## Problem statement
Extract each line holding the word "Ilustración" from the entries.

(Extracted records)
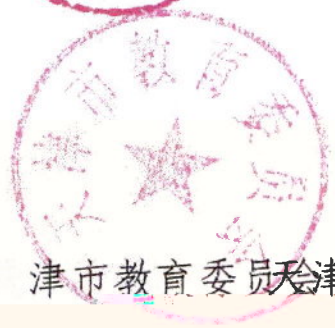
天津市教育委员会
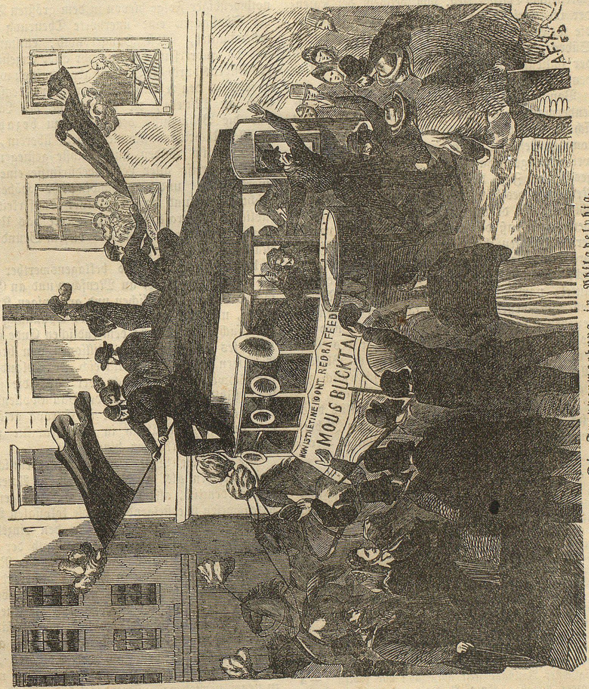
Die Truppenwerbung in Philadelphia.
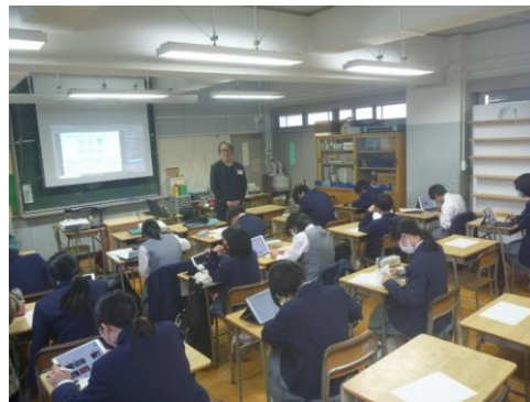
校章デザイン教室の様子

応募されたデザインについて、生徒・児童投票を実施し、以下のデザインを目黒西中学校の校章図案に決定しました。今後、採用された生徒の意見を聞きながら、デザイナーにより、校章として完成させる予定です。
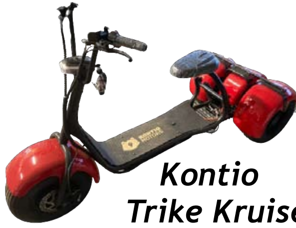
Kontio Trike Kruiser (UUSI, tehoakku) 1550€
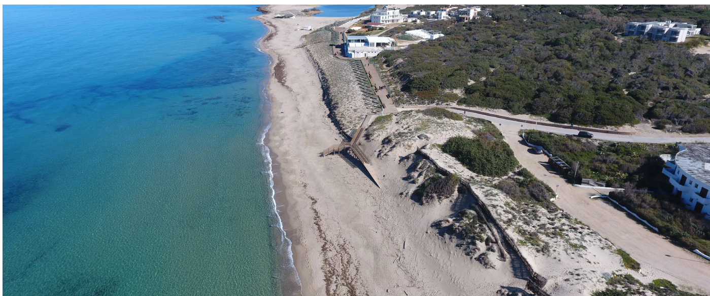
LA SPIAGGIA DI MARAGNANI (VALLEDORIA)
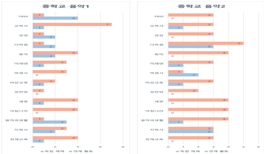
<표 11> 중학교 음악1,2 출판사별 독립 제재와 연계 활동의 빈도수

빈도수를 분석할 때에 ‘중학교 음악1’ 과 ‘중학교 음악2’ 는 유사한 패턴과 유형을 보이므로 통합적으로 분석하며, ‘고등학교 음악’ 은 별개로 분석하였다. 그리고 독립적인 제재를 가진 창작 활동은 ‘독립 제재’ 로, 다른 영역과 연계된 창작 활동은 ‘연계 활동’ 으로 표현하였으며, 학년별로 분류하여 각 출판사의 창작 활동 제시 방법을 비교 분석하였다. 다음은 중학교 음악1과 중학교 음악2의 출판사별로 ‘독립 제재’, ‘연계 활동’ 의 빈도수를 비교한 <표 11>와 고등학교 음악의 출판사별로 ‘독립 제재’, ‘연계 활동’ 의 빈도수를 비교한 <표 12>이다.
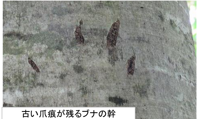
古い爪痕が残るブナの幹
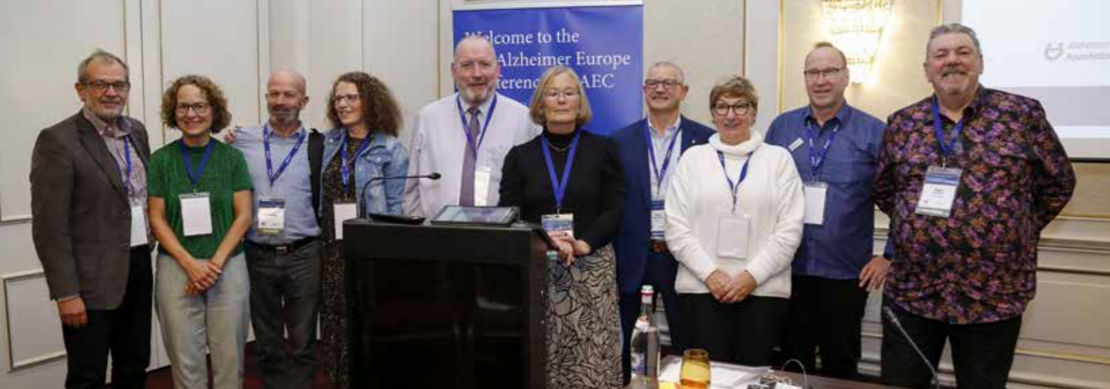
Europese werkgroep voor mensen met dementie

groepen kwam ik terecht in een nieuwe en warme familie. Ik ben trots dat ik deel mag uitmaken van de groep. Je kunt er niets verkeerd zeggen of doen. Iedereen deelt er open zijn of haar verhaal.”
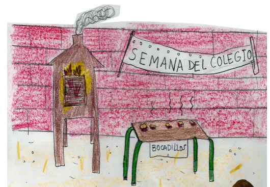
Ilustración de Josué Serrano, 4º Primaria
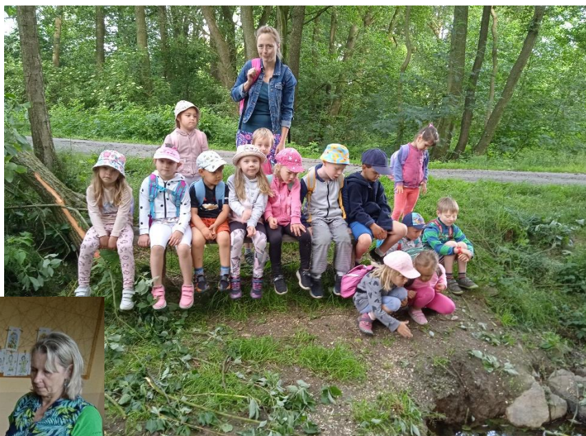
Výlet do Peršíkova.
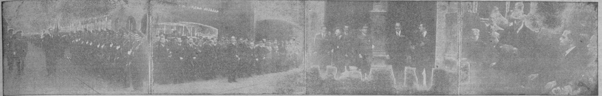
Diversos aspectos de la llegada a Palma del Excmo. Sr. Ministro de la Gobernación. — 1: S. E. revistando a las fuerzas de Infantería de Marina que le rindieron honores. 2: Presenciando el desfile de las mismas. 3: A la salida de la Catedral, acompañado por las primeras autoridades de la Provincia. 4: Presidencia del acto celebrado en el Ayuntamiento

«Quiero que vosotros me digais cuales son vuestras necesidades, para--a medida de las disponibilidades del Estado--dar satisfacción cumplida a los deseos de estas Islas, tan queridas por nuestro Caudillo, cuya Capitanía General tuvo en sus manos», declaró S. E. en su primer discurso pronunciado en el Ayuntamiento
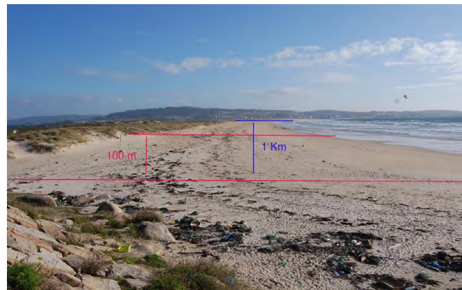
Franjas de muestreo de 100 m y de 1 Km. 6

Para cada una de estas unidades de muestreo se ha desarrollado un formulario de campo. Ambas franjas se deben muestrear de forma independiente, teniendo en cuenta la zona de solape. Las coordenadas geográficas de los puntos de comienzo y de finalización de la unidad de muestreo están debidamente establecidas debiéndose mantener para que en los muestreos siguientes se hagan siempre en el mismo sitio.
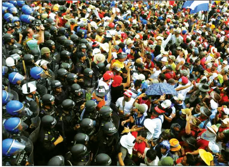
Los asesinatos han aumentado la resistencia popular al golpe

Ahora aparecen legisladores del Partido Liberal, al cual pertenecía Zelaya, que denuncian “que
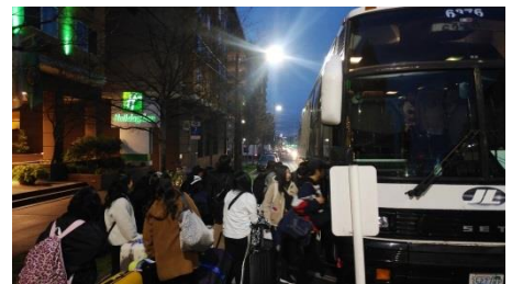
ロ 早朝の搭乗手続き

今朝はシアトルからロサンゼルスへの移動から始まりました。早朝6時半から朝食をとり、すぐに出発。20分ほどのバス移動でシアトル・タコマ空港に到着しました。この日はアメリカでは祝日の「President's Day(大統領の日)」。初代大統領ワシントンの誕生日だそうです。その影響もあってか、タコマ空港は大混雑。搭乗手続きをした後、手荷物検査・保安検査を待つ人の列は、グネグネと数百メートルほどに及んでいました。搭乗に間に合わないのではと心配していた矢先、航空会社の係の方が我々をサッとエスコートし、優先的に検査ゲートのところまで案内してくれました。そのおかげで時間に余裕をもって搭乗することができました。
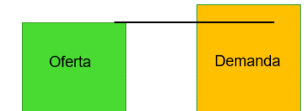
Ilustración 3. Esquema Caso 3. Prorrata
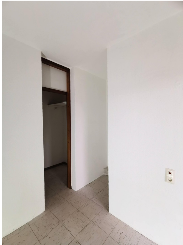
Garderobe und Abstellraum

## Finished task
Ilustración de Josué Serrano, 4º Primaria
Ilustración 3. Esquema Caso 3. Prorrata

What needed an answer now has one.